Norton F. Corrêa – Sem me dar conta, escrevi um livro que, na opinião dos estudiosos, corresponde a um clássico, assim como os de outros autores de outros locais do Brasil que escreveram sobre as religiões de matriz afro de suas regiões. O que acontece, com relação ao batuque, é que até o momento, ninguém escreveu um trabalho mais completo, maior, que descreva os rituais, os templos, seus integrantes, o panteão e, sobretudo, a visão de mundo batuqueira, que é muito semelhante à dos participantes do candomblé, por exemplo. Especificamente sobre os rituais batuqueiros, o que há são livros escritos pelos próprios religiosos, mas nem sempre são muito bem aceitos pelo fato de menos ou mais explicitamente criticarem os colegas, reivindicar que o seu ritual é o correto e assim por diante. Além destes, há monografias e trabalhos de alunos, especialmente da UFRGS, que têm abordado questões sobre o batuque ou outras religiões de matriz afro do Rio Grande do Sul. Mas ninguém, ao que me consta, fez o que eu fiz: uma etnografia bastante completa desta religião, mostrando quem são as pessoas, o que elas fazem, como é que funciona a religião, os templos, a natureza, as suas apresentações tais como os orixás, os mortos e como é que essas pessoas vivem, como é que aprendem a ser batuqueiros. E isso é algo difícil de fazer, também, porque demanda muito tempo de convivência com os pesquisados, dá muito trabalho.

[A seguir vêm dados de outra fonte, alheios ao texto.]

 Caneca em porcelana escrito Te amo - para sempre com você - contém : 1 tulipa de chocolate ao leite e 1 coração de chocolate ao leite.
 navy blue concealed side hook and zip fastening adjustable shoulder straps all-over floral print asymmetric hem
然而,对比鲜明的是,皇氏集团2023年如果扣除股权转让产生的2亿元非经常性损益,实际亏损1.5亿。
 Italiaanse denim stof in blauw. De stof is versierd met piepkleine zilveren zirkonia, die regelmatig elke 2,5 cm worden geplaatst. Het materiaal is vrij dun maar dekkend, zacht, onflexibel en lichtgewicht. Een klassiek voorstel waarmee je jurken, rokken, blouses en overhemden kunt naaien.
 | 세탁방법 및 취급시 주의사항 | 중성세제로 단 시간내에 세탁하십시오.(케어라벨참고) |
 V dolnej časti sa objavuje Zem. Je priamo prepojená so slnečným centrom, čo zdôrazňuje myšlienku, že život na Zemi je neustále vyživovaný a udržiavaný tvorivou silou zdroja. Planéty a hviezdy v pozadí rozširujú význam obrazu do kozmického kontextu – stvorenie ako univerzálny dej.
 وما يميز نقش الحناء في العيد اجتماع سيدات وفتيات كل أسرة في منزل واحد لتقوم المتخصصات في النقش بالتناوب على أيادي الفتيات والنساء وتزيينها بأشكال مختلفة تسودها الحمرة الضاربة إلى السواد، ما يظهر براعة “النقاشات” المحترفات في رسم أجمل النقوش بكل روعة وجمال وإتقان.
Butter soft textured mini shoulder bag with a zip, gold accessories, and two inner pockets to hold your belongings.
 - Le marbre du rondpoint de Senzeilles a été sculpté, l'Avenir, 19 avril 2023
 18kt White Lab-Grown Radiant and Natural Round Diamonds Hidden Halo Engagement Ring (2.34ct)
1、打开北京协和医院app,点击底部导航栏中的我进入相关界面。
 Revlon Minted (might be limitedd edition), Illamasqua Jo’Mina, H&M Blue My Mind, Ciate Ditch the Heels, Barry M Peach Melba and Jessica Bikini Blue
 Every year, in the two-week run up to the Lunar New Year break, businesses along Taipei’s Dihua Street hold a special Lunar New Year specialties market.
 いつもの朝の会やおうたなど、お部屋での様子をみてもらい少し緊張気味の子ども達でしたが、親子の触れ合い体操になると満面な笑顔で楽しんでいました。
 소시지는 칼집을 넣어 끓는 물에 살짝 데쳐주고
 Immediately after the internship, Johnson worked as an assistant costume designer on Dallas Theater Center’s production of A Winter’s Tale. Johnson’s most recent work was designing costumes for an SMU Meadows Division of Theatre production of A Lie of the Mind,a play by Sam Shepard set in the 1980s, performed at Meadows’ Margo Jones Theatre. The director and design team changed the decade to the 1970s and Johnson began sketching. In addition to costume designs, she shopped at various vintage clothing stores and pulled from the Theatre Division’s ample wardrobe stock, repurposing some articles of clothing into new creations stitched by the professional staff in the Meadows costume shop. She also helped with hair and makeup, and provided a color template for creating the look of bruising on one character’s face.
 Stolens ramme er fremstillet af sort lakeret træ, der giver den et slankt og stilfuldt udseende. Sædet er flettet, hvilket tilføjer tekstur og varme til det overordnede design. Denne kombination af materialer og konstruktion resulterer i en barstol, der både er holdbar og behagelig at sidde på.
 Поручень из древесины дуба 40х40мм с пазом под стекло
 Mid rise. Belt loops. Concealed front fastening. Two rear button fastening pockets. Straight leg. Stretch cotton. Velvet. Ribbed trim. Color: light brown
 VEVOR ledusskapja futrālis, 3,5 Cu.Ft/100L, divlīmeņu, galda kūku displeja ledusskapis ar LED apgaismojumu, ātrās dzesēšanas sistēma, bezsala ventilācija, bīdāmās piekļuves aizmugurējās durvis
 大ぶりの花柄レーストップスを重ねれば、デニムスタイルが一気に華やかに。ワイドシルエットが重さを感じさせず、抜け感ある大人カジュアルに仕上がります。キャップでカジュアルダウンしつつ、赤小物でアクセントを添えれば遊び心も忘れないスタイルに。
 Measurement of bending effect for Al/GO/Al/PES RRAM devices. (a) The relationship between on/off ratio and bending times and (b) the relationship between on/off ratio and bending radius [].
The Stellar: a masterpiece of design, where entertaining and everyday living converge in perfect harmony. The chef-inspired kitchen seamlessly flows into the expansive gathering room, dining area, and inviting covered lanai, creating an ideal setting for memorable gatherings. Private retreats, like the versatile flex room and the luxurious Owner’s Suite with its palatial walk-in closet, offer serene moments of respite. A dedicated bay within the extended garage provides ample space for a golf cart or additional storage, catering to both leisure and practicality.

Creio que o livro é bem recebido pelos religiosos, primeiro porque eu não me posiciono, no sentido de achar que isso é verdadeiro e aquilo é errado. Há batuqueiros que condenam os outros pelo erro de desvirtuar supostos preceitos da religião. No meu caso, relato o que eu vi. Não estou me posicionando. Creio que é por isso que o livro teve uma boa aceitação. Talvez, também, pelo estilo despojado, longe do jargão "antropologuês", embora sem perda de conteúdos interpretativos, o que possivelmente contribui para que as pessoas comuns possam lê-lo sem problemas. É um livro simples, pensado para ser simples, porque acho que tem que ser assim mesmo. Escrevi um livro para ser lido por todas as pessoas, e não dirigido especificamente a acadêmicos. Apesar disso, tenho ouvido de colegas da área dizerem que escrevi um clássico, do mesmo modo que outros autores escreveram sobre religiões de matriz africana de outros locais do Brasil.

IHU On-Line – De que maneira o negro é representado na história rio-grandense?

Norton F. Corrêa – A presença da população negra no Rio Grande do Sul é muito significativa, além de o trabalho escravo ter construído as bases da economia local. Acrescente-se a indiscutível importância da herança cultural legada ao contexto rio-grandense. Apesar disso, a cultura negra tem sido muito pouco estudada  o que não deixa de ser uma forma de ocultação. Mas há o caso de um historiador gaúcho bastante conhecido, Walter Spalding, que levou tal ocultação ao máximo: afirma que não houve racismo no Rio Grande do Sul simplesmente porque não havia negros!

Entretanto, as estatísticas da época a que se refere revelam que os negros eram quase 40% da população da então Província. Considero que a prática de ocultar também se deve ao racismo. O Rio Grande do Sul é um estado muito racista. E o desprezo em relação à figura do negro é projetado sobre suas práticas religiosas, que continuam sendo reprimidas. Tanto a ocultação como a repressão são formas de racismo. Mas ele pode se expressar de forma ainda mais sutil, como é o caso das campanhas da turma da ecologia contra os sacrifícios rituais de animais no batuque. A sutileza está em se escudar num argumento meritório: proteger os animais. Entretanto, é curioso que em um estado com um enorme rebanho bovino, suíno, ovino e centenas de matadouros, legais e ilegais, além de outras tantas centenas de sinagogas que cumprem práticas muito semelhantes, o zelo da turma ecológica recaia apenas sobre o batuque. Por que apenas nele?

IHU On-Line – Por que o senhor afirma que este livro lhe trouxe uma grande surpresa? Que surpresa foi esta?

Norton F. Corrêa – Porque eu não esperava uma aceitação tão grande do livro, seja pelos batuqueiros, seja pelos estudiosos. Os primeiros, talvez porque se vejam nele; e os segundos por ser uma fonte de informação antes praticamente inexistente. Algo que me deixa muito feliz é o fato de a maioria dos leitores ser os próprios batuqueiros.